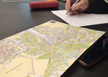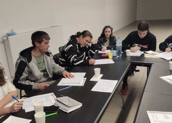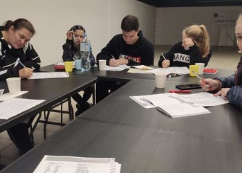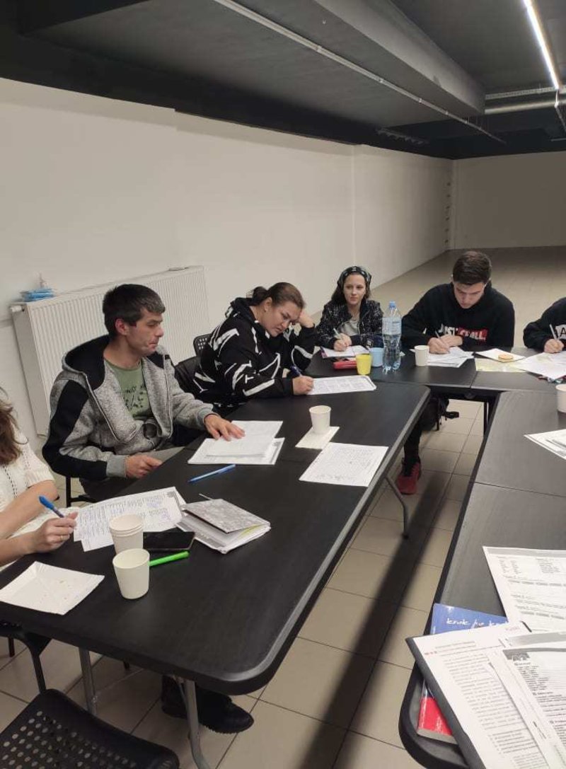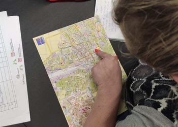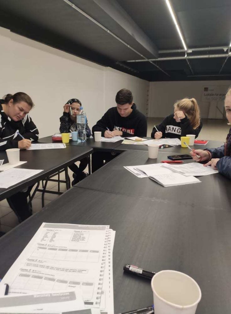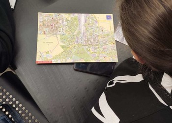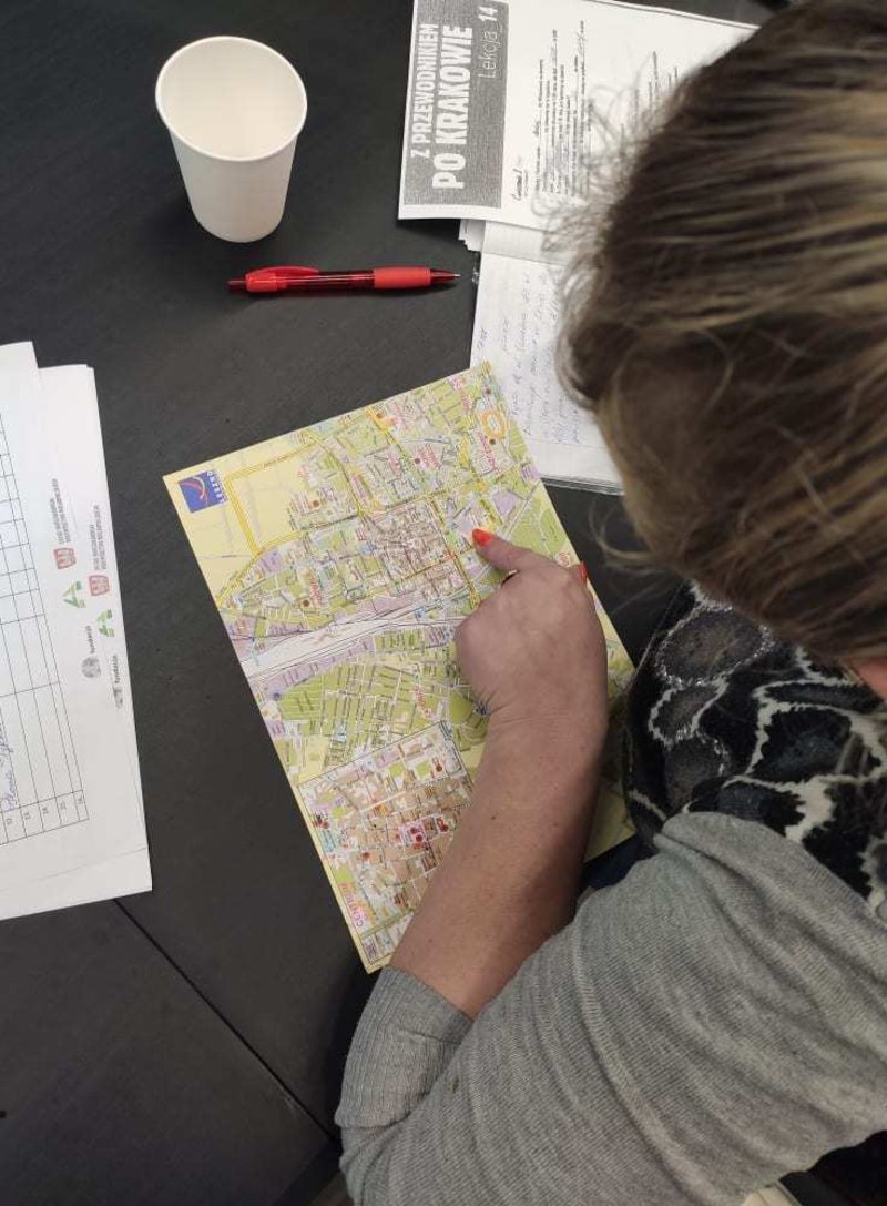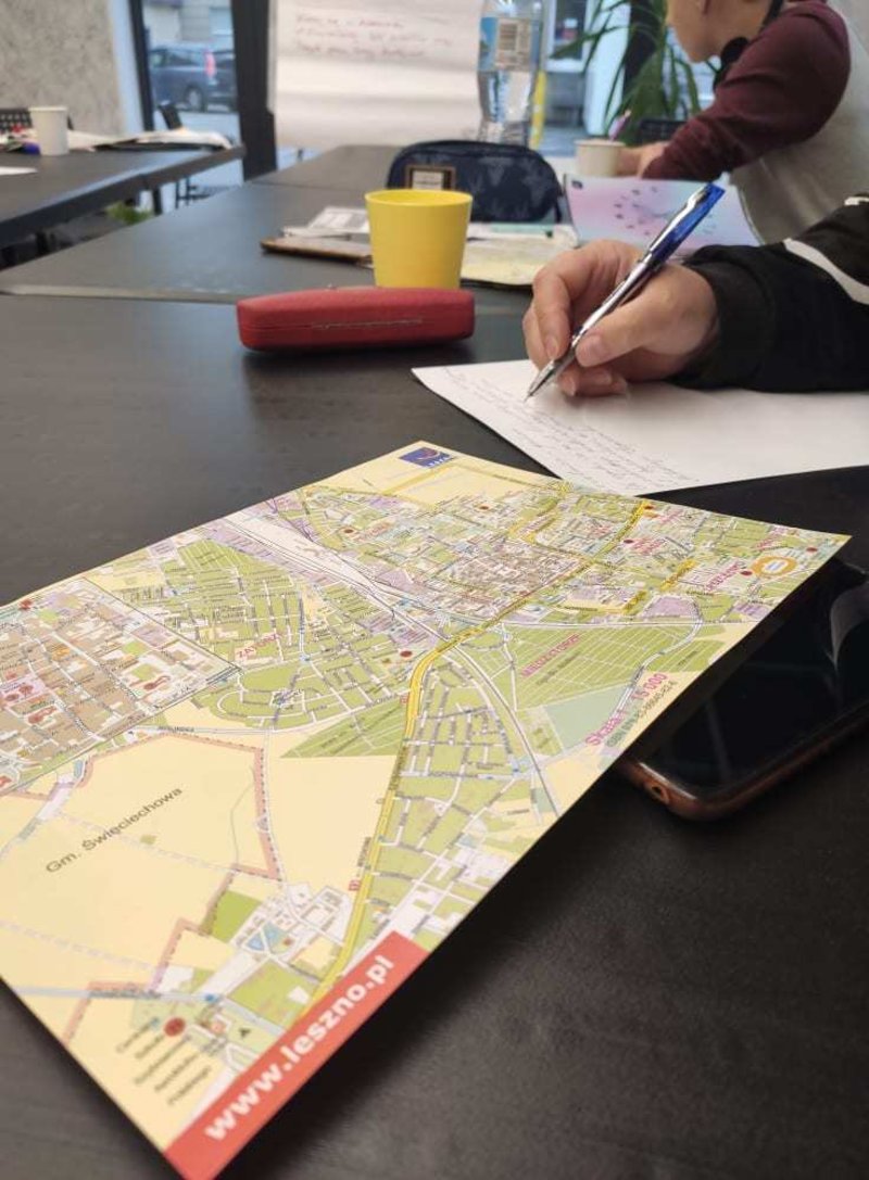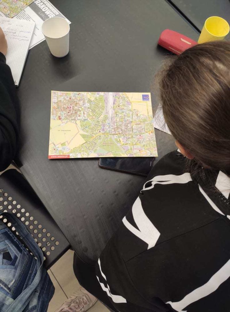 Podczas zajęć dla grupy podstawowej na tapet wzięliśmy słownictwo dotyczące drogi. Każdy dostał mapę Leszna i za jej pomocą kierowaliśmy innych w swoje ulubione miejsca w mieście. Poznaliśmy również różnice między "iść" a "chodzić".
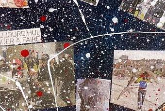 En voyant les images des personnes en train de fouiller dans leur ville en recherche de nourriture, en train de récupérer tout ce qu'ils pouvaient, en s'inquiétant le la centrale et des répliques du tremblement de terre, au milieu des cadavres et des destructions les plus épouvantables, je me suis dit que le seul moyen d'en parler dignement était de faire de la récupération pour une expression vraie de ce véritable tremblement de terre humain:palette de bois, planche en bois reconstitué, acrylique, découpage de photos récupérées dans des journaux jetés, brosse à dent pour projection de peinture, vernis.
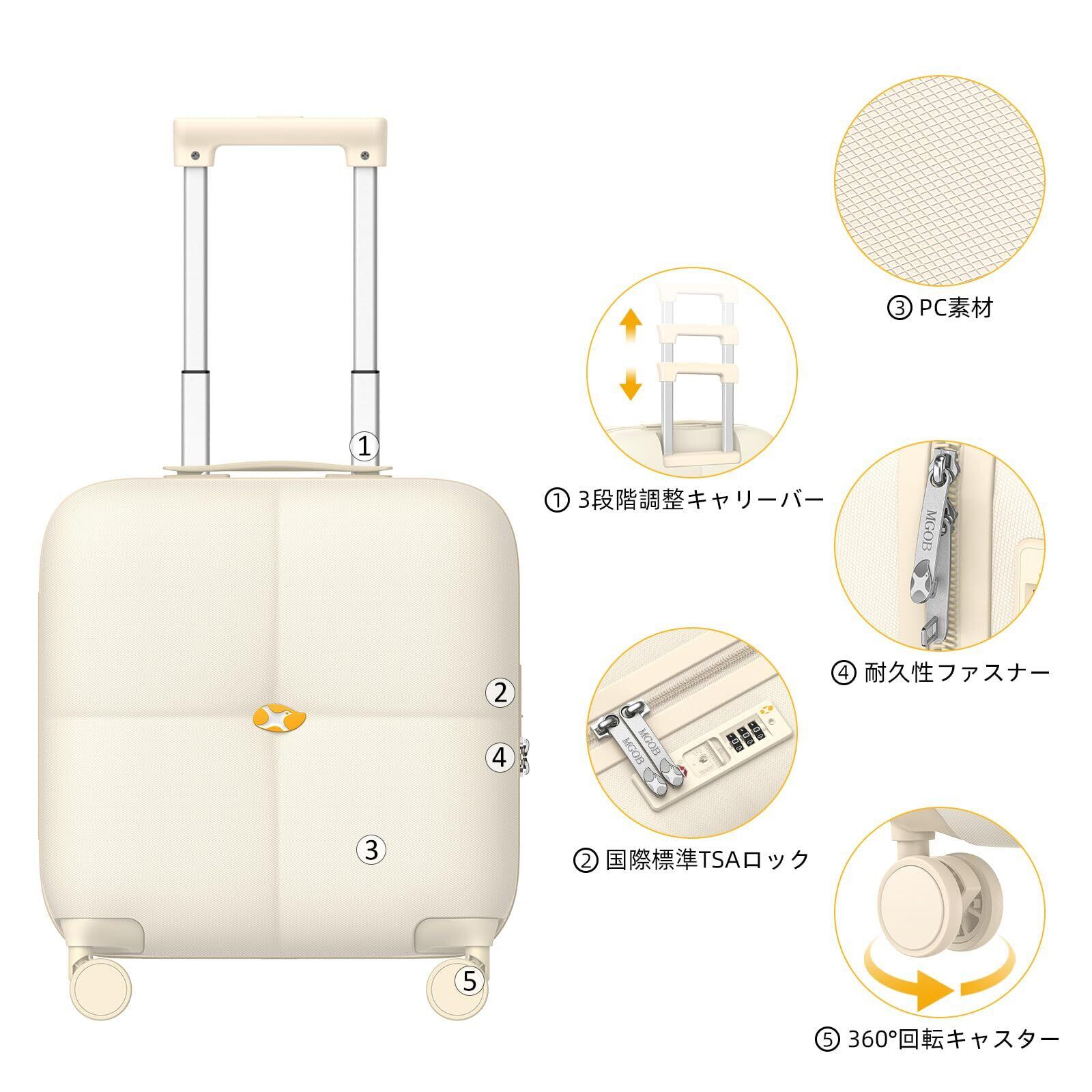 [MGOB] キャリーケース スーツケース 機内持ち込み キャリーバッグ 可愛い 超軽量 フック機能 耐衝撃 静音 ダブルキャスター TSAロック ファスナータイプ 旅行 ビジネス 出張 (ベージュ, SSサイズ 42L/1-3泊向き) | BASE SHOP
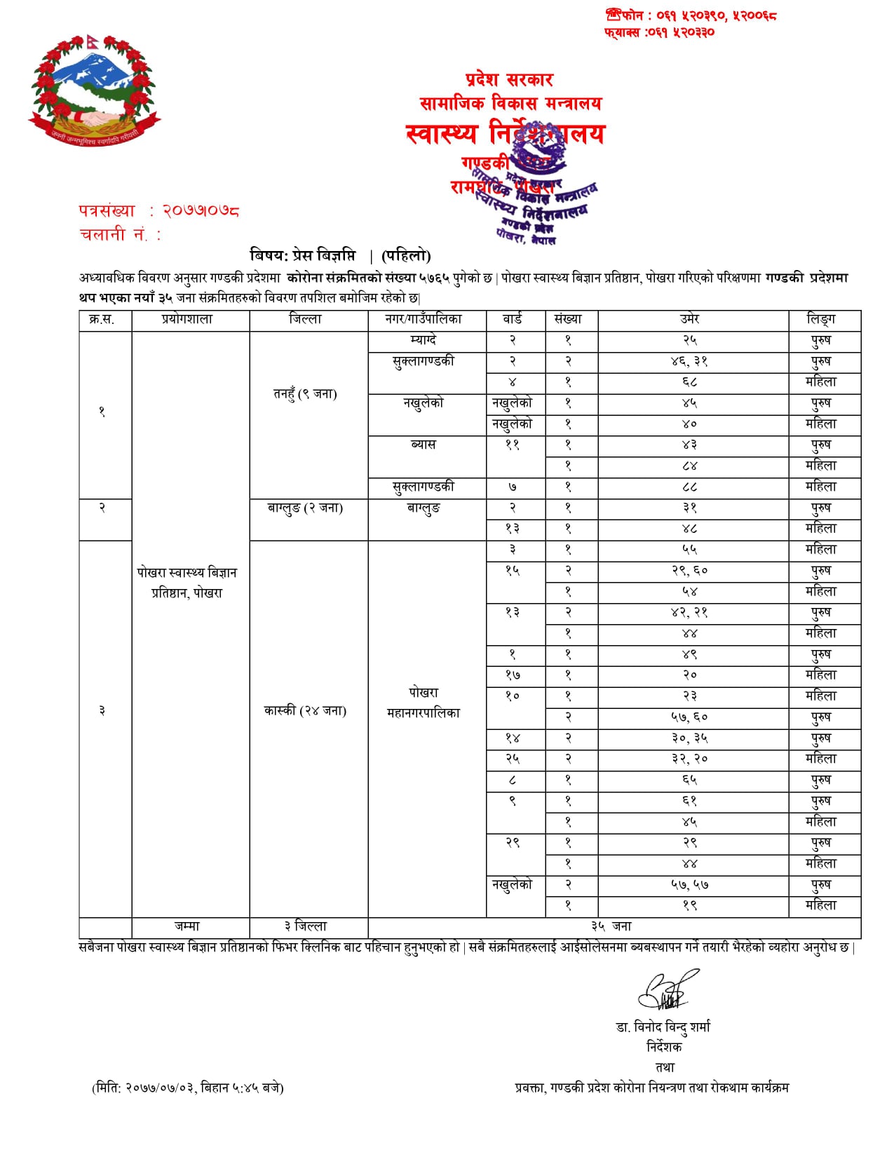 पोखरा, कात्तिक ३ गते । गण्डकी प्रदेशमा सोमबार बिहानै ५६ जनामा कोरोना संक्रण पुष्टि भएको छ । गण्डकी प्रदेश स्वस्थ्य निर्देशनालयले विहानै विज्ञप्ति जारी गदै नयाँ ५६ सक्रमित पुष्टि भएको जनाएको छ ।
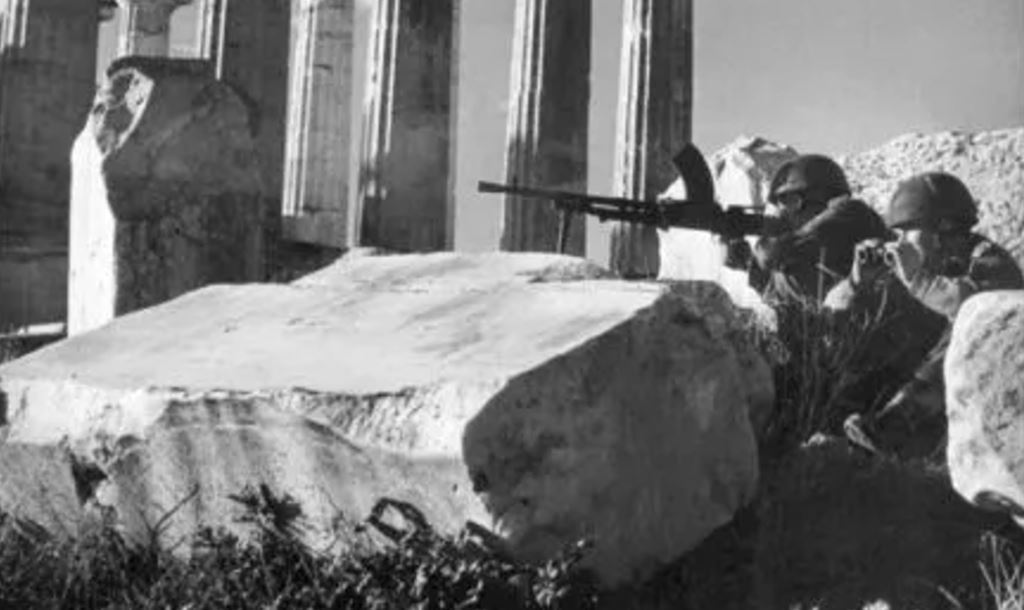 Οι επίσημες εκθέσεις της Αρχαιολογικής Υπηρεσίας τον Δεκέμβρη του ’44 είναι αποκαλυπτικές για την καταστροφική μανία των Βρετανών στρατιωτών στην Ακρόπολη, την ίδια στιγμή που σημάδευαν τον λαό της Αθήνας, τους ΕΑΜιτες και ΕΛΑΣίτες που μάχονταν με λιανοντούφεκα ενάντια στη νέα συμμαχική σκλαβιά
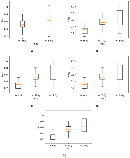 The colorimetric properties of the printed samples are compared in Figure 6. The mean of ten CIE L*a*b* values measured on the MN 120-R paper printed with unmodified ink was taken as a reference. Each boxplot represents the CIEDE2000 difference between ten measurements for a given substrate and ink, and the reference. Note that Figure 6a, unlike the others, does not display the results for the unmodified ink, since this is the reference condition. The boxplots reveal that different inks printed on different substrates do not result in considerable colorimetric differences compared to the reference conditions, since most measurements fall well below ΔE00 = 1, which is considered to be a just-noticeable difference (JND). For all the papers except the reference, it can be noted that the interquartile ranges of the boxplots for the modified inks do not overlap with those for the unmodified inks, which could indicate the presence of statistically significant differences between the modified and unmodified inks. However, the absolute values of the colorimetric differences are small with respect to the JND. To conclude, neither the choice of paper nor the ink resulted in considerable colorimetric differences with respect to the reference conditions.
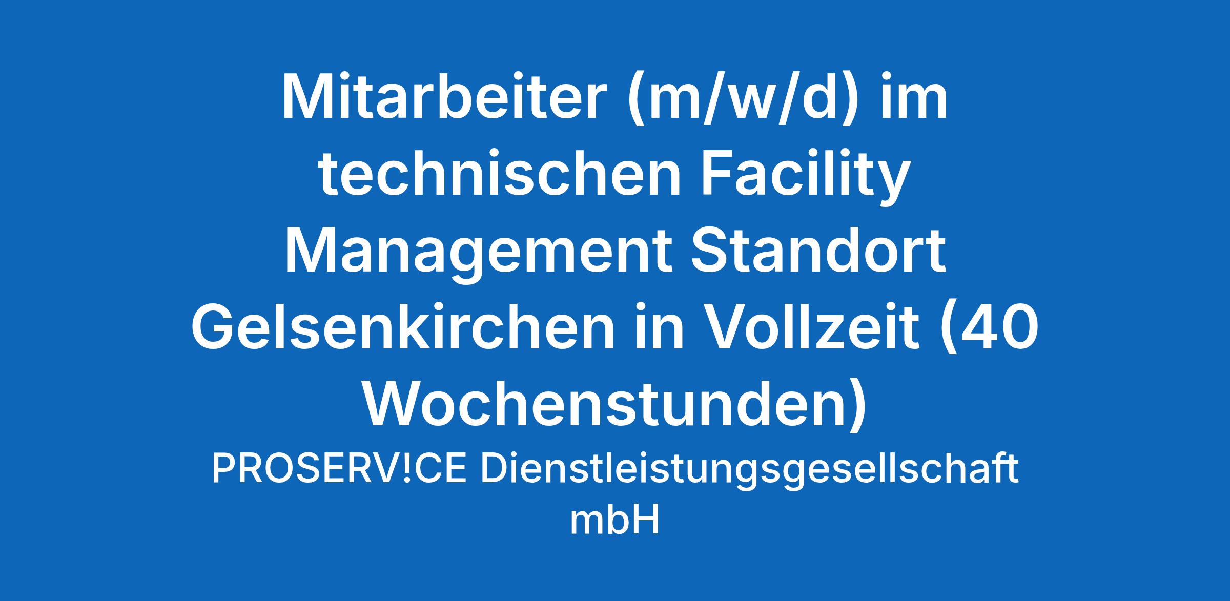 Ab dem 01.07.2026 suchen wir einen Mitarbeiter / eine Mitarbeiterin in Vollzeit (40 Wochenstunden) für unser technisches Facility Management am Standort Gelsenkirchen.

━━━━━━━━━━━━━━━━━━━━━━━━━━━━━━

**Instructions to follow**
What you give back should match the entries above exactly, except that pictures are dropped.

**Task solution**
 Podczas zajęć dla grupy podstawowej na tapet wzięliśmy słownictwo dotyczące drogi. Każdy dostał mapę Leszna i za jej pomocą kierowaliśmy innych w swoje ulubione miejsca w mieście. Poznaliśmy również różnice między "iść" a "chodzić".
 En voyant les images des personnes en train de fouiller dans leur ville en recherche de nourriture, en train de récupérer tout ce qu'ils pouvaient, en s'inquiétant le la centrale et des répliques du tremblement de terre, au milieu des cadavres et des destructions les plus épouvantables, je me suis dit que le seul moyen d'en parler dignement était de faire de la récupération pour une expression vraie de ce véritable tremblement de terre humain:palette de bois, planche en bois reconstitué, acrylique, découpage de photos récupérées dans des journaux jetés, brosse à dent pour projection de peinture, vernis.
 [MGOB] キャリーケース スーツケース 機内持ち込み キャリーバッグ 可愛い 超軽量 フック機能 耐衝撃 静音 ダブルキャスター TSAロック ファスナータイプ 旅行 ビジネス 出張 (ベージュ, SSサイズ 42L/1-3泊向き) | BASE SHOP
 पोखरा, कात्तिक ३ गते । गण्डकी प्रदेशमा सोमबार बिहानै ५६ जनामा कोरोना संक्रण पुष्टि भएको छ । गण्डकी प्रदेश स्वस्थ्य निर्देशनालयले विहानै विज्ञप्ति जारी गदै नयाँ ५६ सक्रमित पुष्टि भएको जनाएको छ ।
 Οι επίσημες εκθέσεις της Αρχαιολογικής Υπηρεσίας τον Δεκέμβρη του ’44 είναι αποκαλυπτικές για την καταστροφική μανία των Βρετανών στρατιωτών στην Ακρόπολη, την ίδια στιγμή που σημάδευαν τον λαό της Αθήνας, τους ΕΑΜιτες και ΕΛΑΣίτες που μάχονταν με λιανοντούφεκα ενάντια στη νέα συμμαχική σκλαβιά
 The colorimetric properties of the printed samples are compared in Figure 6. The mean of ten CIE L*a*b* values measured on the MN 120-R paper printed with unmodified ink was taken as a reference. Each boxplot represents the CIEDE2000 difference between ten measurements for a given substrate and ink, and the reference. Note that Figure 6a, unlike the others, does not display the results for the unmodified ink, since this is the reference condition. The boxplots reveal that different inks printed on different substrates do not result in considerable colorimetric differences compared to the reference conditions, since most measurements fall well below ΔE00 = 1, which is considered to be a just-noticeable difference (JND). For all the papers except the reference, it can be noted that the interquartile ranges of the boxplots for the modified inks do not overlap with those for the unmodified inks, which could indicate the presence of statistically significant differences between the modified and unmodified inks. However, the absolute values of the colorimetric differences are small with respect to the JND. To conclude, neither the choice of paper nor the ink resulted in considerable colorimetric differences with respect to the reference conditions.
 Ab dem 01.07.2026 suchen wir einen Mitarbeiter / eine Mitarbeiterin in Vollzeit (40 Wochenstunden) für unser technisches Facility Management am Standort Gelsenkirchen.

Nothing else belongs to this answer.